Ani (armenisch Անի) ist eine seit mehr als drei Jahrhunderten verlassene und heute in Ruinen liegende ehemalige armenische Hauptstadt.

Lage[Bearbeiten]

Ani liegt im türkisch-armenischen Grenzgebiet auf einem Plateau (1338 m) umgeben von einer tiefen Schlucht und dem Fluss Achurjan (armen.) / Arpaçay (türk.) (auch Harpasus), der heute die Grenze zwischen der Türkei und Armenien bildet. Ani liegt etwa 42 Kilometer östlich der Stadt Kars in der gleichnamigen türkischen Provinz. Die Siedlung Anipemza mit der frühchristlichen Basilika von Jereruk, acht Kilometer südöstlich auf armenischer Seite, leitet ihren Namen von Ani ab.

Geschichte[Bearbeiten]

Die Menuçehr-Moschee ist die erste Moschee der Seldschuken-Epoche in Anatolien und nach ihrem Erbauer, dem Gründer der Schaddadiden-Linie von Ani, benannt.

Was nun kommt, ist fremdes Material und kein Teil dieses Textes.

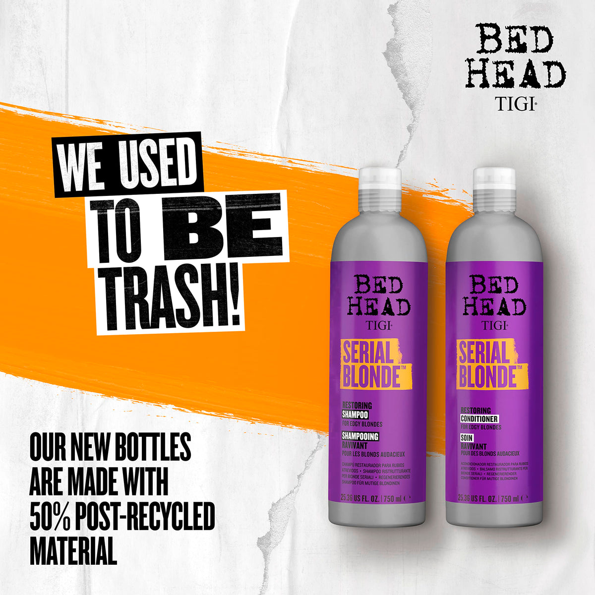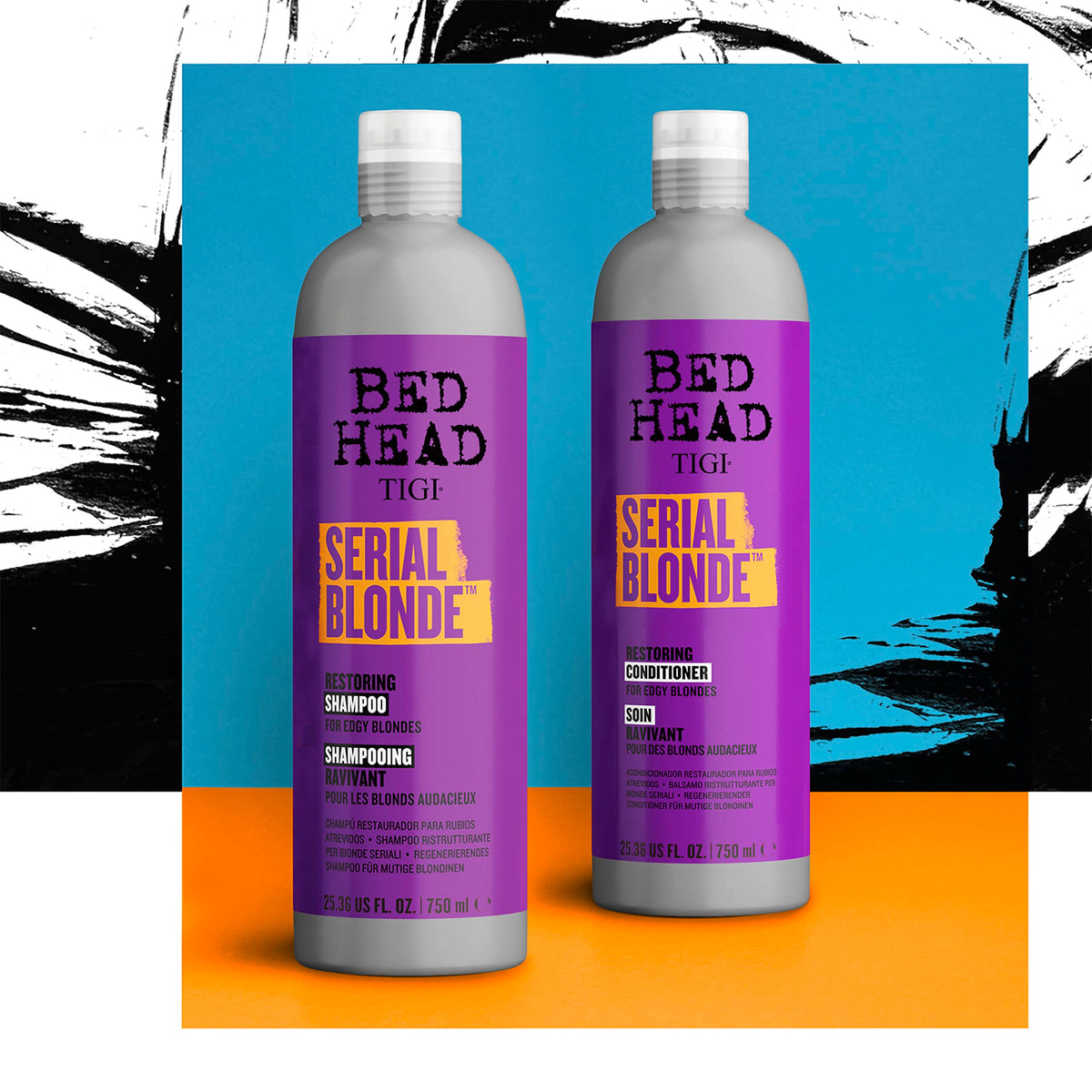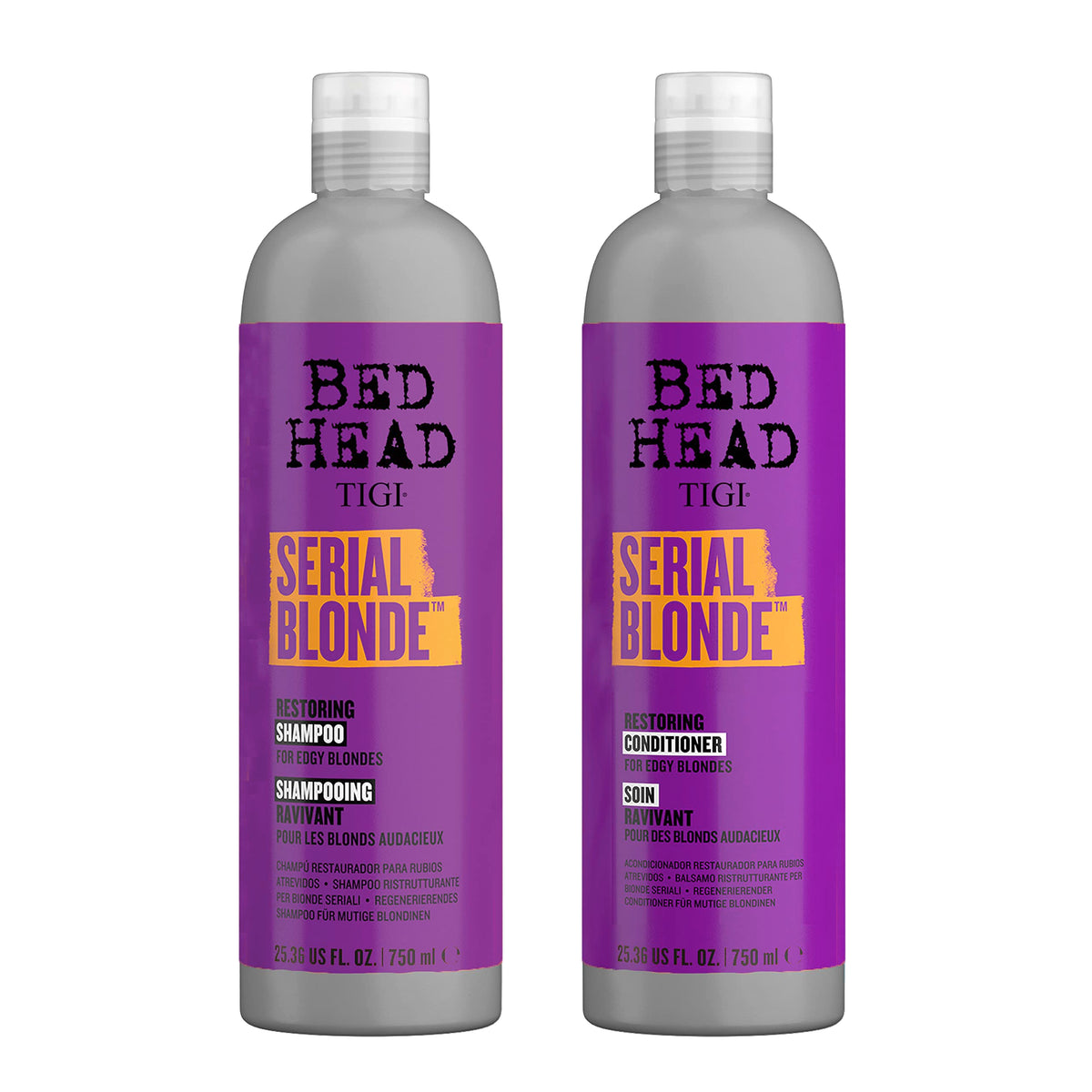 TIGI Bed Head Shampoo & Conditioner For Damaged Blonde Hair Serial Blonde is a powerful duo enriched with Hydrolyzed Keratin. This set of 2 x 25.36 fl oz bottles helps in repairing and nourishing damaged blonde hair.

Ani ist seit dem 5. Jahrhundert als armenische Festung nachweisbar. 763 kam es in den Besitz der Bagratiden, im 10. Jahrhundert entwickelte es sich zu einer bedeutenden Stadt. König Aschot III. Bagratuni (951-977) machte Ani im Jahre 961 zur Hauptstadt seines armenischen Königreiches. Als sie 1045 den Byzantinern übergeben wurde, war die an der nördlichen Seidenstraße gelegenen Stadt weithin als „Stadt der 1001 Kirchen“ bekannt und zählte mehr als 100.000 Einwohner.

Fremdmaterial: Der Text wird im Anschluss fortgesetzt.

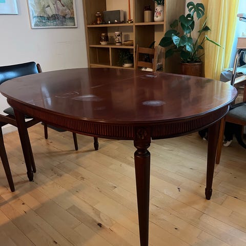 Virkelig fint mahogni spisebordssæt bestående af ovalt bord med klap i begge ender.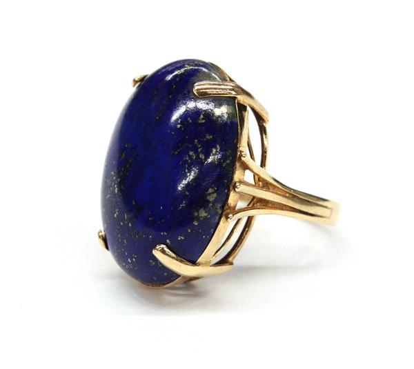 Lapis ring; of 14k yellow gold, set with (1) large oval lapis measuring 26.15 x 19.51 mm. Total ring weight 10.2 grams. Ring size 6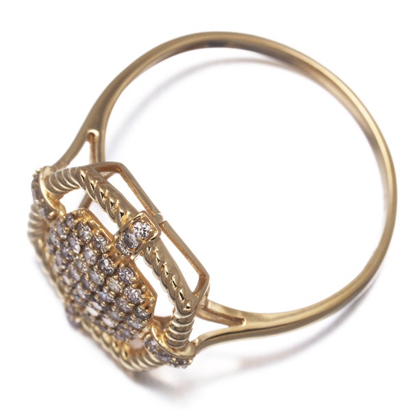 仄かなお色味を纏った眩い輝きをパヴェセッティングに飾った素敵なダイヤモンドリング。オープンワークで描かれたジオメトリックなシルエットが お手元にエレガントなニュアンスを飾ってくれます。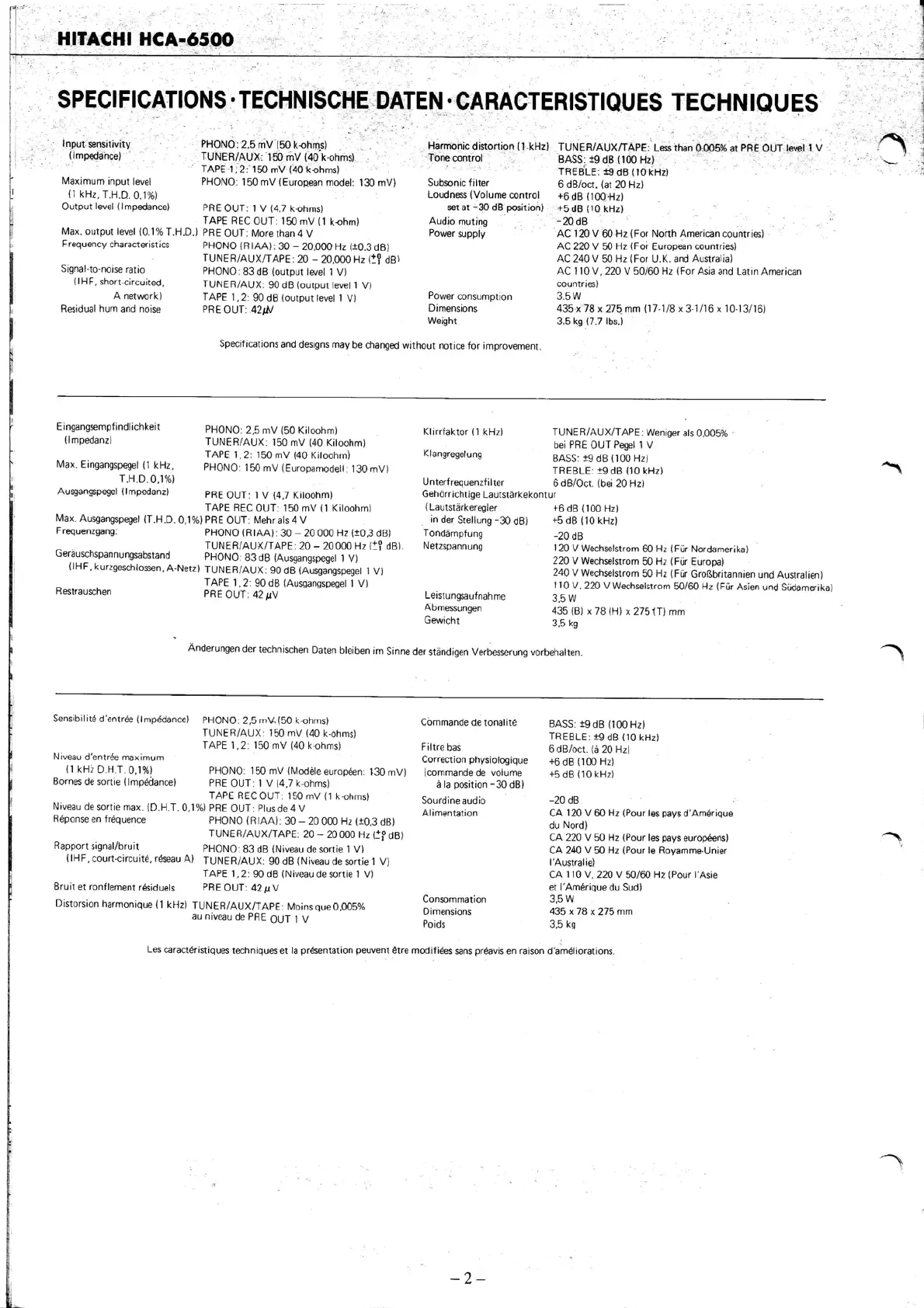 Hitachi HCA-6500 - Hitachi HCA-6500 Technical Specifications; Input Sensitivity and Output Levels; Frequency Response and Noise Specifications

Am 16. August 1064 wurde Ani von den türkischen Seldschuken erobert, wodurch es unter islamische Herrschaft geriet. Sultan Alp-Arslan überließ die Stadt 1072 den (bereits Gandscha und Dwin regierenden) Schaddadiden, einer kurdischen Vasallendynastie, die sich hier hielt, bis Ani am Ende des 12. Jahrhunderts wieder einmal an die christlichen Georgier fiel. Zwischen 1125 und 1209 gelang es diesen insgesamt fünfmal, die Stadt zu besetzen. 1239 fiel Ani in mongolische Hände. Im Jahre 1319 wurde das Schicksal der Stadt von einem Erdbeben besiegelt, woraufhin die Bevölkerungszahl ab dem 14. Jahrhundert – Ani gehörte nun zu den Reichen der Aq Qoyunlu und Qara Qoyunlu – langsam aber stetig sank.

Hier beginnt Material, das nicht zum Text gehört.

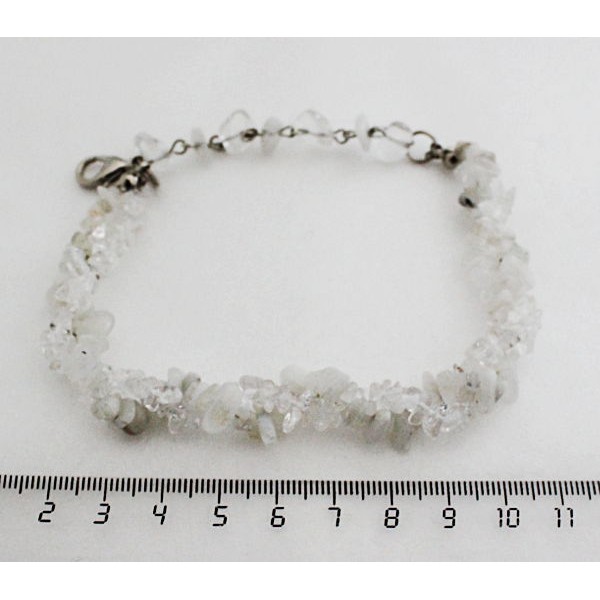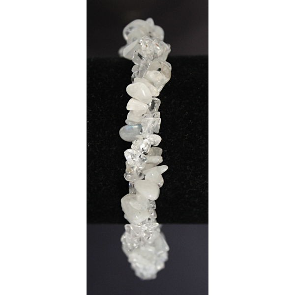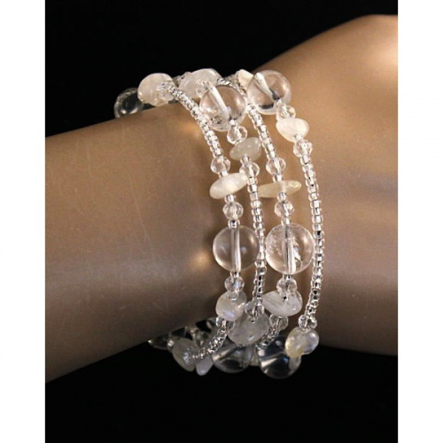 Браслет из лунного камня (беломорит) и горного хрусталя, галтовка, жгут 2 нити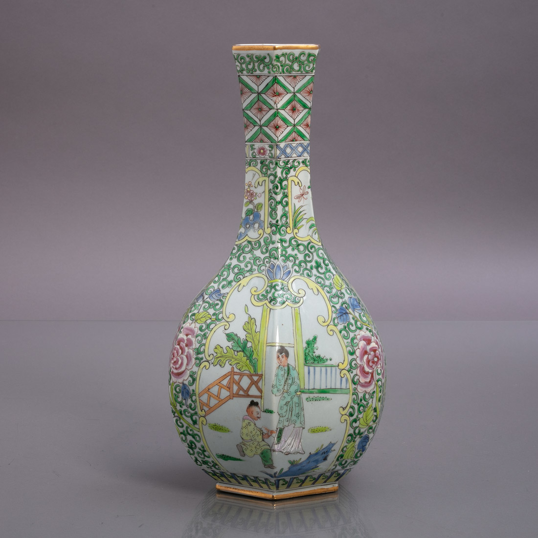 Em porcelana da China, decoração floral policromada, reservas com cenas do quotidiano. Marcada. Sinais de uso.
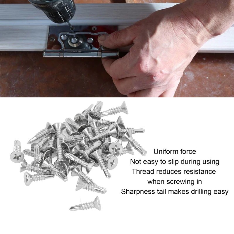 150 Pcs Self Drilling Screw 304 Stainless Steel 19mm Cross Countersunk Screw for Industry M4.2-18

Nach 1534 war Ani Teil des Osmanischen Reiches und lag zwischen 1878 und 1917 auf dem Gebiet des Russischen Reiches.

1892/93 und 1904 – 1917 fanden unter der Leitung des russischen Orientalisten Nikolai Jakowlewitsch Marr die ersten ausführlichen archäologischen Grabungen in Ani statt.

Nördliche Stadtmauern (Illustration aus dem Jahre 1885)

Situation heute[Bearbeiten]

Die Kathedrale von Ani mit armenischen Grenzanlagen im Hintergrund

Heute ist Ani eine Geisterstadt und vor allem für die noch erhaltenen Zeugnisse armenischer Architektur bekannt. Die einzigen „Bewohner“ sind türkische Grenzsoldaten, vereinzelte Touristen und Anwohner des benachbarten türkischen Dorfes Ocaklı.

Bedroht von „Restaurierungsarbeiten“, Kulturvandalismus, Erdbeben und in jüngerer Vergangenheit auch durch Bodenerschütterungen (ausgelöst durch Sprengungen in einem Steinbruch auf armenischem Gebiet), steht die Zukunft dieses Kulturdenkmals jedoch in Frage.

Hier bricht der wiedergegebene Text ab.